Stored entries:
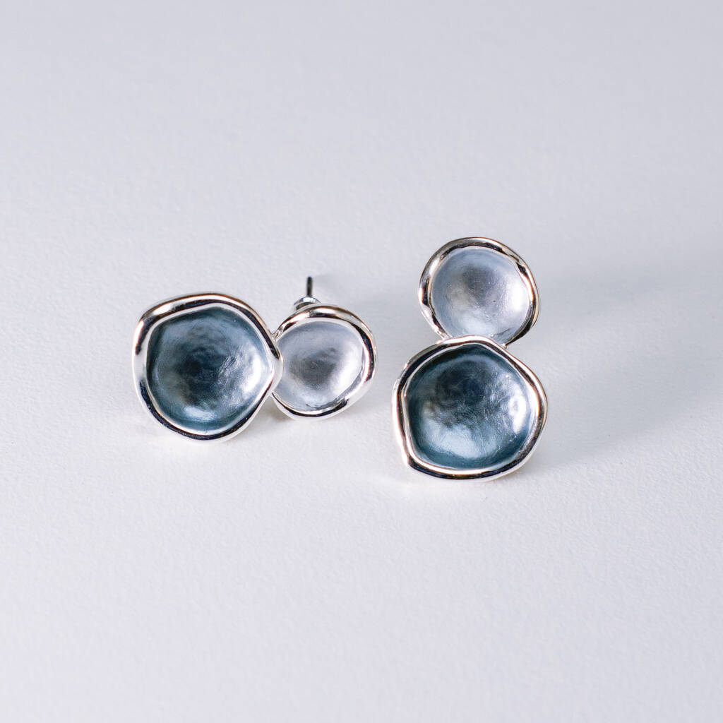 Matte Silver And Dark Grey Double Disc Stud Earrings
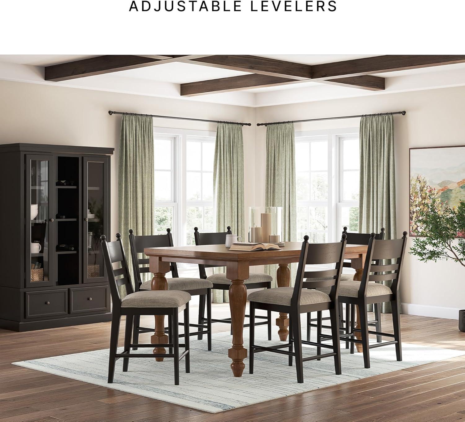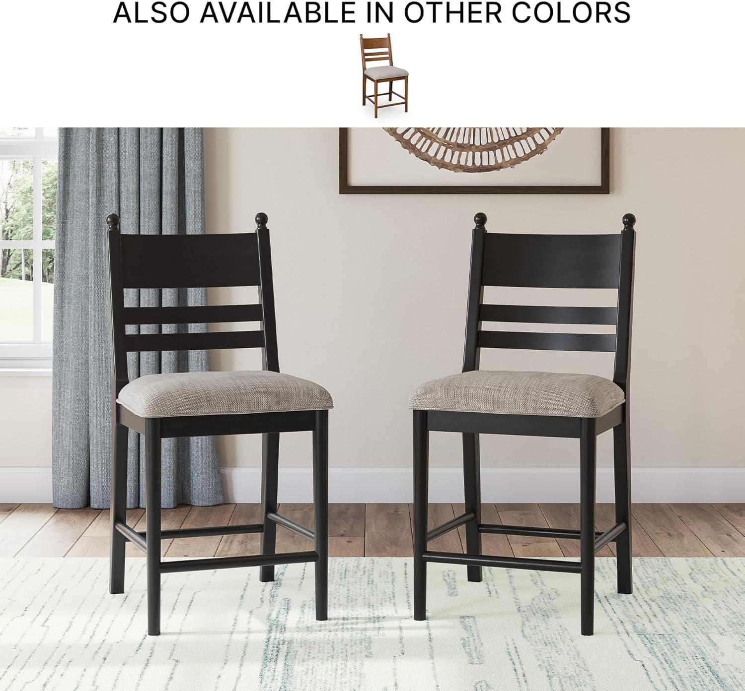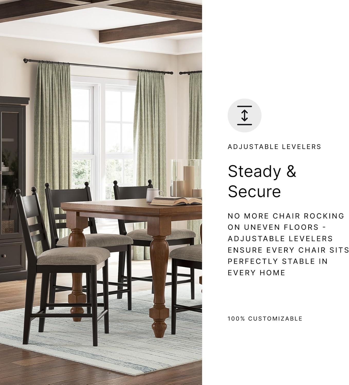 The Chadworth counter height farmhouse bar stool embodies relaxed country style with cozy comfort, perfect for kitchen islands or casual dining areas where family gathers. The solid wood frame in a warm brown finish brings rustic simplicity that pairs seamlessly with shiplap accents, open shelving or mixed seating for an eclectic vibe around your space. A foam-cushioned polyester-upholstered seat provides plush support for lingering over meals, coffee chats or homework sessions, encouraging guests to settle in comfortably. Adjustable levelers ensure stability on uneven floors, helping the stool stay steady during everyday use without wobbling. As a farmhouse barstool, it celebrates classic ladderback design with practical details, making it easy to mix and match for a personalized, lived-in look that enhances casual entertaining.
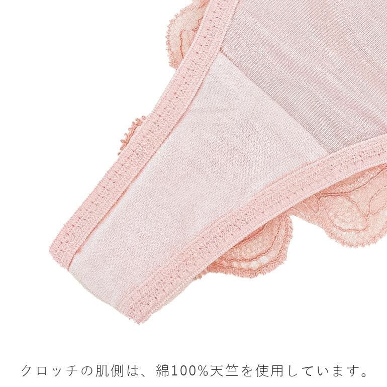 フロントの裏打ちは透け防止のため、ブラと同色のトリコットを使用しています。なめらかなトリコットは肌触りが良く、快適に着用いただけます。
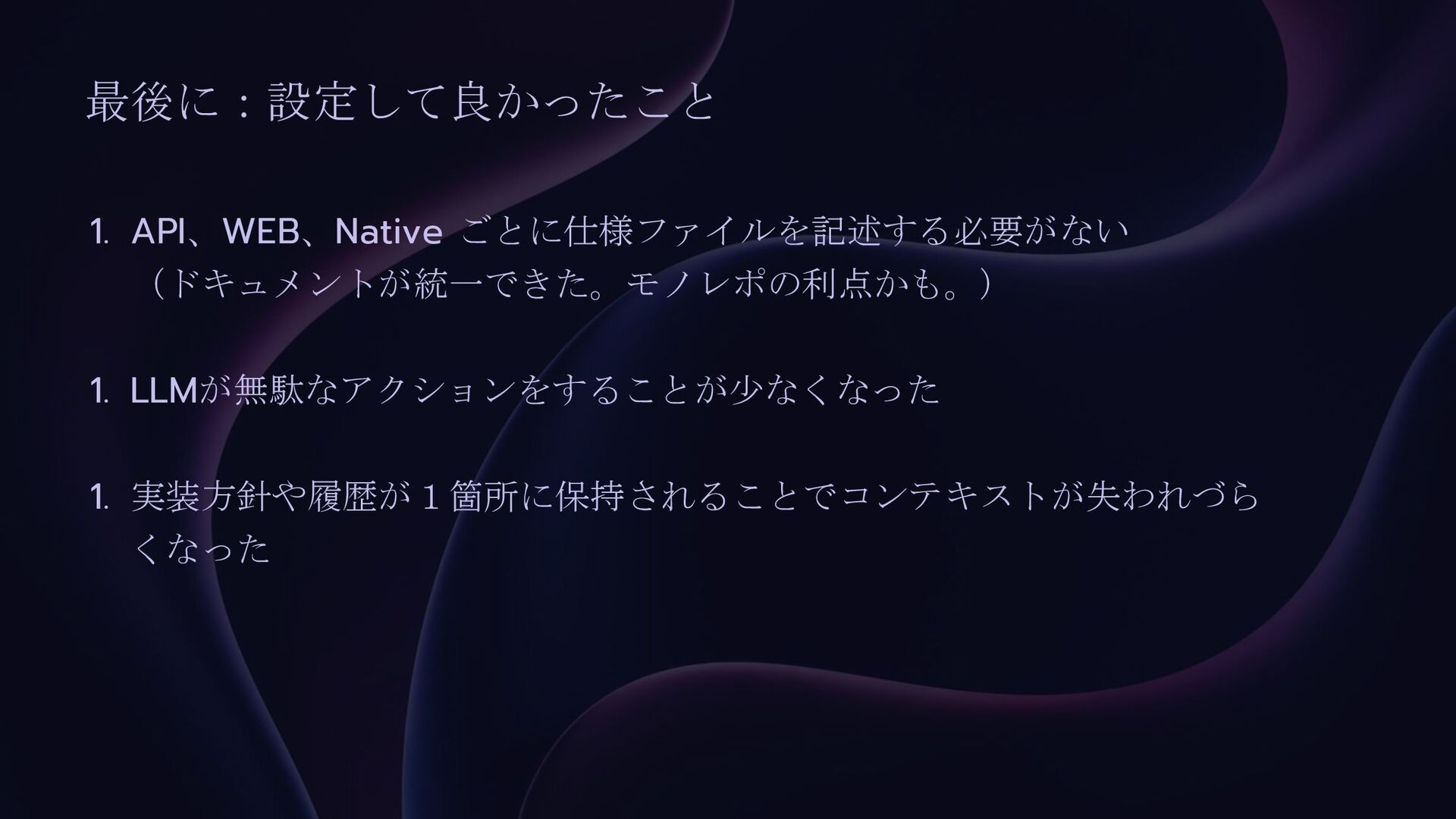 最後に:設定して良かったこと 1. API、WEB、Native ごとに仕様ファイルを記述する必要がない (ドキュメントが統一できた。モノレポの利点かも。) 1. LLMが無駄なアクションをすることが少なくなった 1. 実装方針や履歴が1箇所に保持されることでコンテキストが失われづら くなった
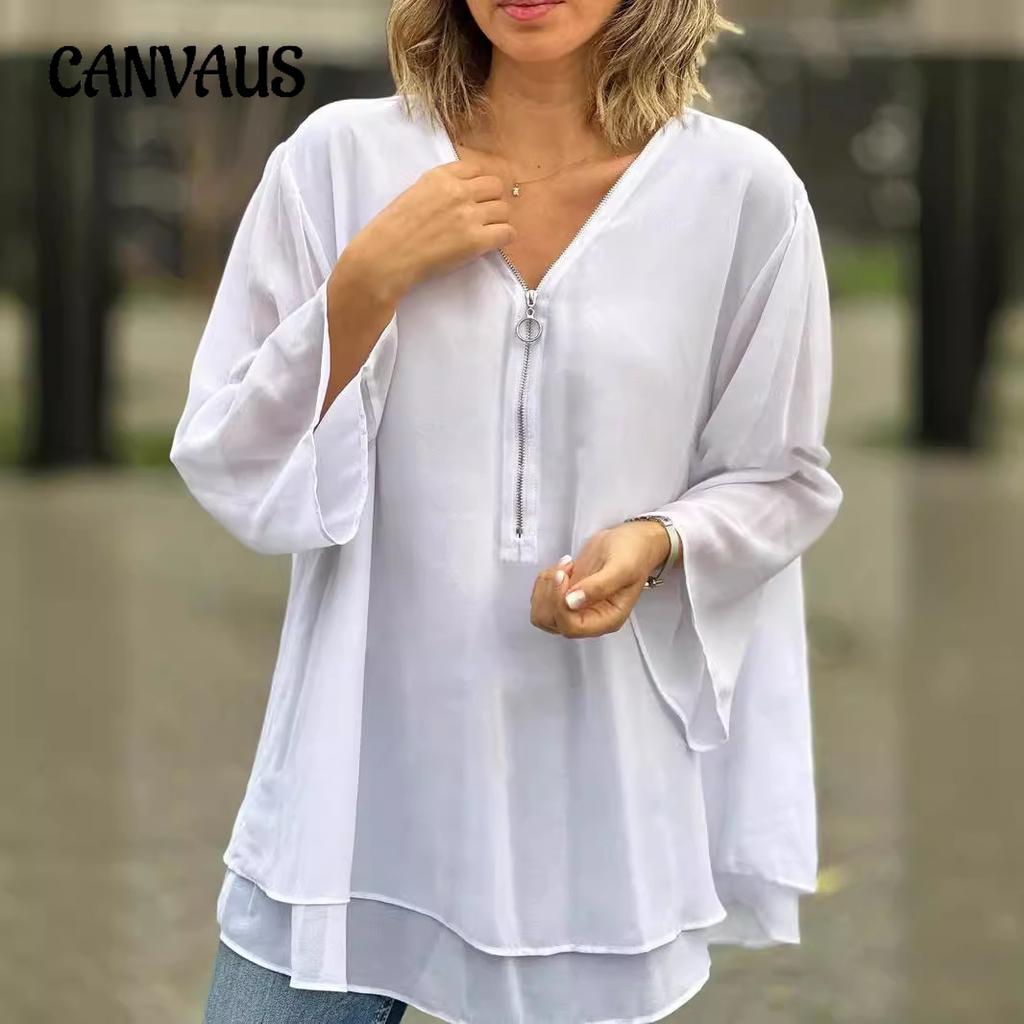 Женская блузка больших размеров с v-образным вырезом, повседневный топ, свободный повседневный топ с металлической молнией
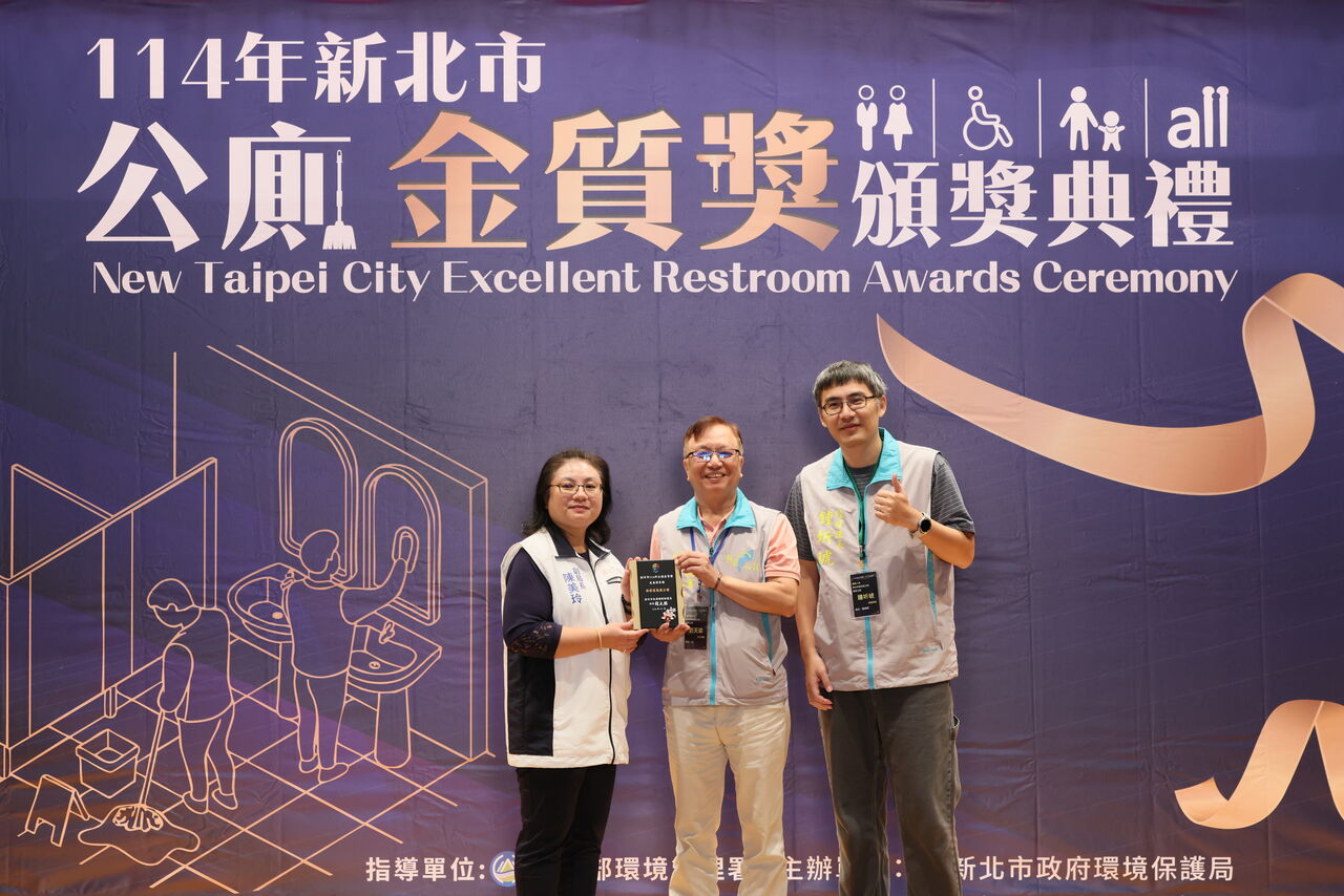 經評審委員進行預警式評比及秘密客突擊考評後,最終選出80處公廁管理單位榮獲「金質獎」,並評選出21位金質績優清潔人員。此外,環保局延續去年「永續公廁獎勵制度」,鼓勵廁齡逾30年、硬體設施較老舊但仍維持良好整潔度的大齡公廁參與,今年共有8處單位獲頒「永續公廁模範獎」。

Task instructions: The answer is the run of lines from the one with "最後に:設定して良かったこと 1. API、WEB、Native" through the final line of the data, copied exactly, and nothing else; no pictures.

Output of the exercise:
 最後に:設定して良かったこと 1. API、WEB、Native ごとに仕様ファイルを記述する必要がない (ドキュメントが統一できた。モノレポの利点かも。) 1. LLMが無駄なアクションをすることが少なくなった 1. 実装方針や履歴が1箇所に保持されることでコンテキストが失われづら くなった
 Женская блузка больших размеров с v-образным вырезом, повседневный топ, свободный повседневный топ с металлической молнией
 經評審委員進行預警式評比及秘密客突擊考評後,最終選出80處公廁管理單位榮獲「金質獎」,並評選出21位金質績優清潔人員。此外,環保局延續去年「永續公廁獎勵制度」,鼓勵廁齡逾30年、硬體設施較老舊但仍維持良好整潔度的大齡公廁參與,今年共有8處單位獲頒「永續公廁模範獎」。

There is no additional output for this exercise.